**Provided material:**

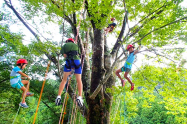 巨木にロープを使って自分の力で登っていきます。鳥が梢から眺めるような場所から、森の観察ができます。ロープワークを習って、自分の目標の場所まで登っていく過程は、勇気と挑戦の後に達成感を感じられる体験です。
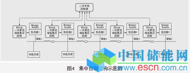 在直流微電網(wǎng)多源協(xié)調(diào)控制中包含一個微電網(wǎng)中央控制器(MGCC),檢測直流母線電壓以及參與直流母線電壓調(diào)節(jié)的各單元輸出功率,然后進(jìn)行相應(yīng)的電壓恢復(fù)和均流控制,通過集中的低帶寬通信網(wǎng)絡(luò)與參與下垂控制的各分布式電源或交直流接口變流器的直流母線電壓控制系統(tǒng)進(jìn)行通信,調(diào)整其下垂曲線設(shè)定點(diǎn)等控制參數(shù),來實(shí)現(xiàn)相應(yīng)控制目的,見圖4。這種控制手段的最大缺陷就是如果直流微電網(wǎng)二次集中控制器出現(xiàn)故障,直流微電網(wǎng)將無法實(shí)現(xiàn)協(xié)調(diào)控制功能。
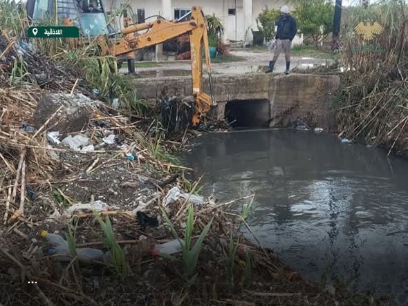 مديرية الموارد المائية في اللاذقية نفذت استجابة عاجلة شملت تعزيل القنوات الرئيسية وفروعها، وإزالة العبارات المخالفة التي كانت تعيق انسياب المياه. كما جرى تنظيف السواقي والأنهار في عدة مواقع، منها جسر السكيدالي ونهر عين شقاق، بهدف الحد من مخاطر التجمعات المائية وحماية الأراضي الزراعية من الغمر.

**About this task:** Only the lines from the first line of the data above through the line with "在直流微電網(wǎng)多源" should appear in the answer, retyped exactly, with every picture left out.

**Result for this exercise:**
 巨木にロープを使って自分の力で登っていきます。鳥が梢から眺めるような場所から、森の観察ができます。ロープワークを習って、自分の目標の場所まで登っていく過程は、勇気と挑戦の後に達成感を感じられる体験です。
 在直流微電網(wǎng)多源協(xié)調(diào)控制中包含一個微電網(wǎng)中央控制器(MGCC),檢測直流母線電壓以及參與直流母線電壓調(diào)節(jié)的各單元輸出功率,然后進(jìn)行相應(yīng)的電壓恢復(fù)和均流控制,通過集中的低帶寬通信網(wǎng)絡(luò)與參與下垂控制的各分布式電源或交直流接口變流器的直流母線電壓控制系統(tǒng)進(jìn)行通信,調(diào)整其下垂曲線設(shè)定點(diǎn)等控制參數(shù),來實(shí)現(xiàn)相應(yīng)控制目的,見圖4。這種控制手段的最大缺陷就是如果直流微電網(wǎng)二次集中控制器出現(xiàn)故障,直流微電網(wǎng)將無法實(shí)現(xiàn)協(xié)調(diào)控制功能。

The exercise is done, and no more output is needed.